Materials and Methods

Experimental design

A cross-sectional experimental study was carried out in the operation room of Hospital Santa Rita do complexo Santa Casa de Porto Alegre from August 15, 2019, to April 15, 2020 with a total of 31 aerosolizations. PIPAC applications were simulated in a negative pressure operating room with unidirectional (laminar) airflow ventilation and open sealing doors to analyze contamination in the operating room corridor. The first stage of validation of the methodology was under analysis, 10 aerosolization tests were carried out simulating different levels of leakage to assess the contamination scenarios. The first scenario was the simulation of leakage keeping the trocar’s luer lock open throughout the procedure. In this scenario, the contamination was hard to measure. The second scenario was the aerosolization 20 cm above the center of the operating table in a 10-liter open container. The third model was free aerosolization 20 cm above the center of the operating table (Figure 1). After assessing the first 10 applications, the scenario that proved to be most suitable for the purpose was scenario 3 during all procedures, no contamination control method was used. This study was submitted to the Ethics Committee, however, it was exempt from analysis because it is an experimental study that does not involve living beings or toxic substances.

Aerosolization procedure

The following equipment was used: BhioQAP registered at the Agência Nacional de Vigilância Sanitária (ANVISA) under No. 80381210072 and IV contrast injection system with remote actuation (Empower CTA-Bracco). The aerosolized equipment was kept in the center and 20 cm above the operating table with the aid of a mechanical arm that supported the system (Figure 1).

Figure 1: A: Aerosolization with open Luer lock; B: Superior container open; C: Free

The assessment of environmental contamination during the PIPAC procedure was performed using a 1% aqueous solution of caffeine (Sigma-Aldrich^®). This substance was specifically chosen because caffeine has low toxicity and is easy to detect. Some physical and chemical characteristics of caffeine are described in Table 1.

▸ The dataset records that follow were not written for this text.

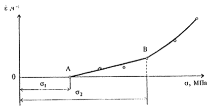 где s1 - напряжение, соответствующее точке А пересечения линейного участка реологической кривой (6.3.6.8) с осью абсцисс, МПа; s2 - напряжение, соответствующее конечной точке В линейного участка реологической кривой, МПа;
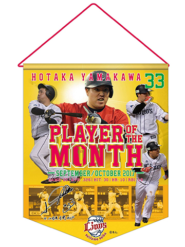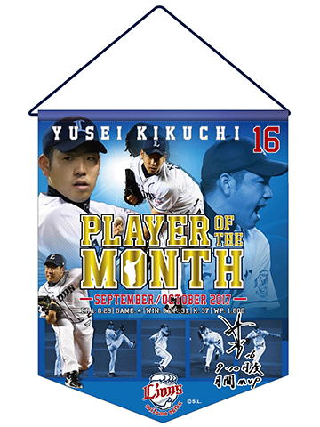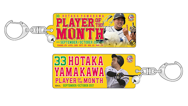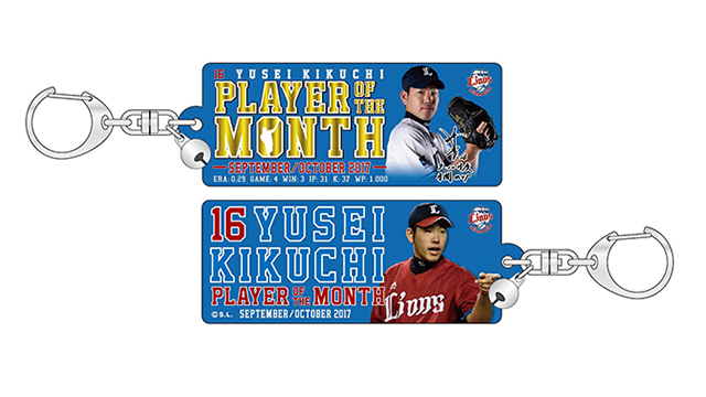 菊池投手の闘志あふれる投球フォームと山川選手の凛々しいバッティングシーンをデザインし、月間MVPを表す"Player of the month"の文字をあしらったフェイスタオル、タペストリー、キーホルダーの3点セットを販売します。
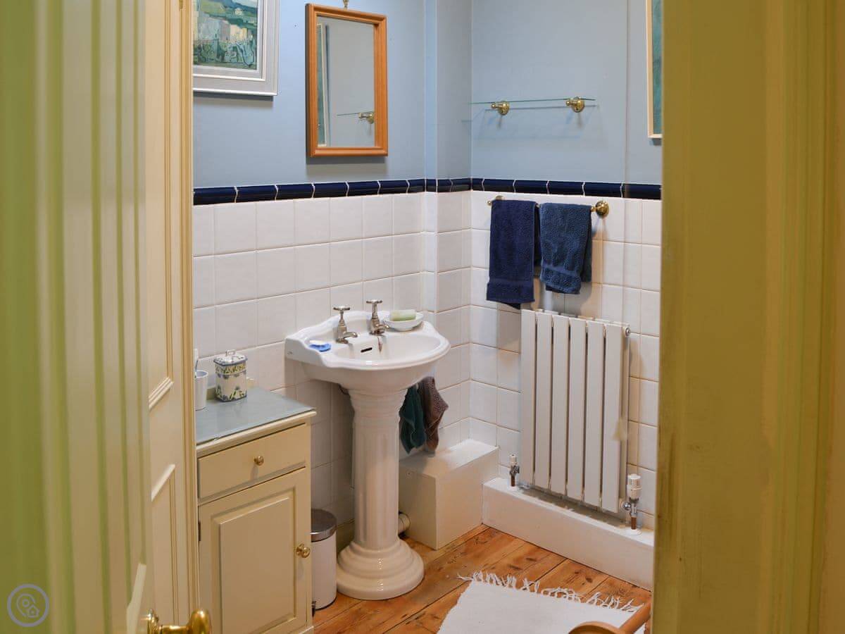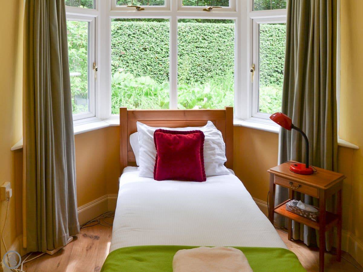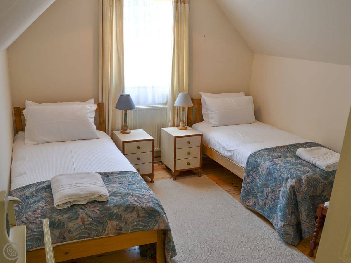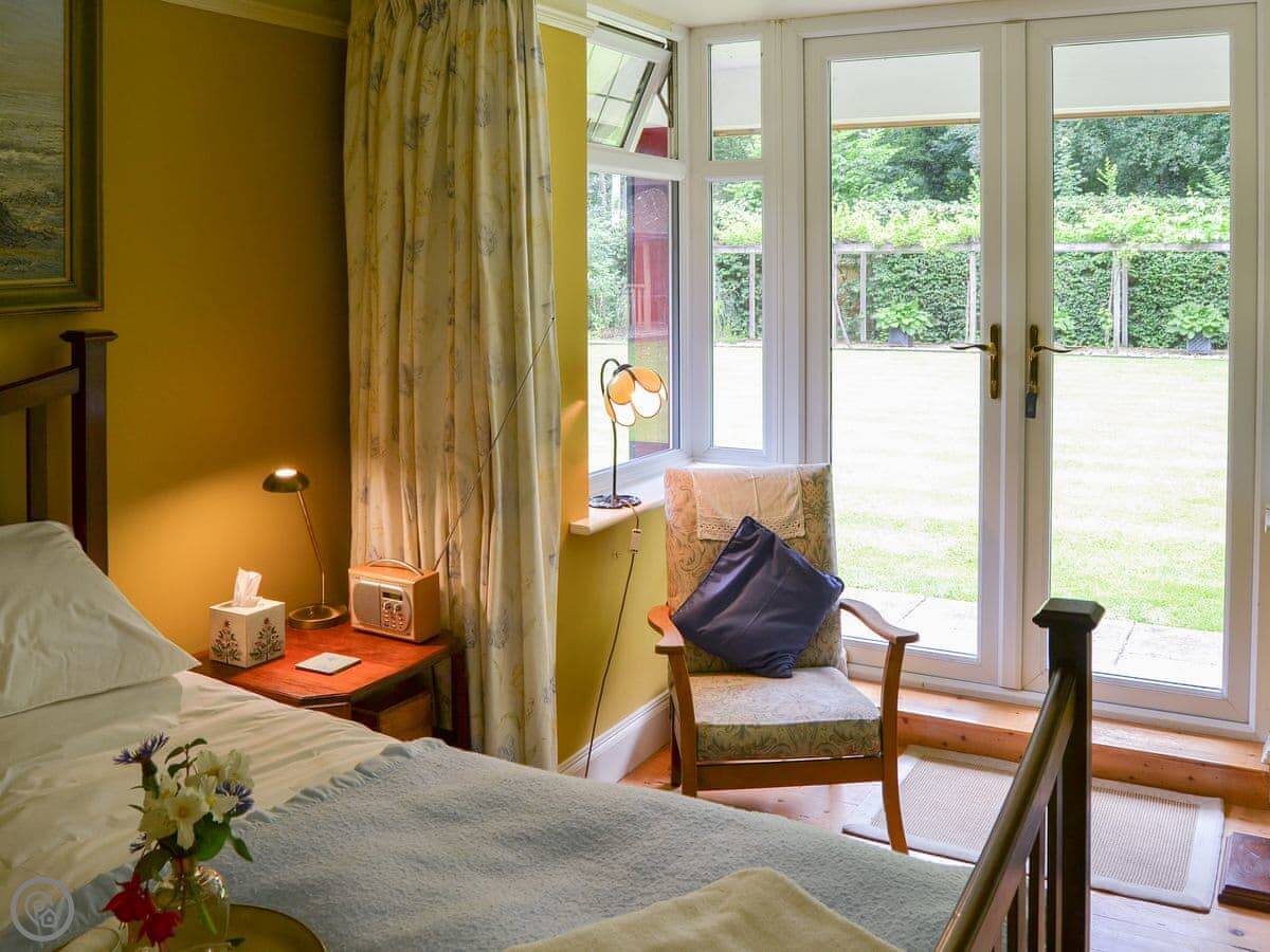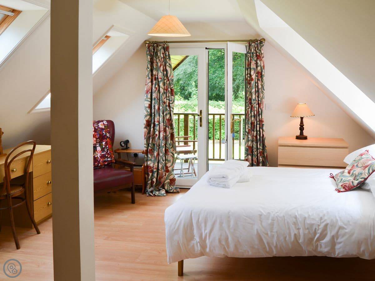 It sleeps eight. Four bedrooms, two bathrooms. One of the twin rooms upstairs has its own little veranda overlooking the river. It's got a 4 Star rating, so it's comfortable and well-equipped. The garden is enclosed, which is good for dogs and kids. We take up to two pets.

Parameter described	Substance-caffeine
Formula
Molecular weight	194.19 g/mol
Water solubility	20 g/L (20°C)
Application concentration	10 mg/mL=10 g/L=1.0%

Table 1: Physical and chemical characteristics of caffeine

The injector (Empower CTA-Bracco) was configured to apply the fixed volume for each 200 ml application. The injection equipment was always programmed with fixed infusion parameters of 3.0 ml/s with a maximum pressure of 200 to 300 PSI. The injection equipment adjusts the infusion flow to keep the pressure below 300 PSI. The average injection variation was 0.6 ml/s ± 0.2 ml/s. All injections were carried out without locking the injection equipment or changing the parameters described.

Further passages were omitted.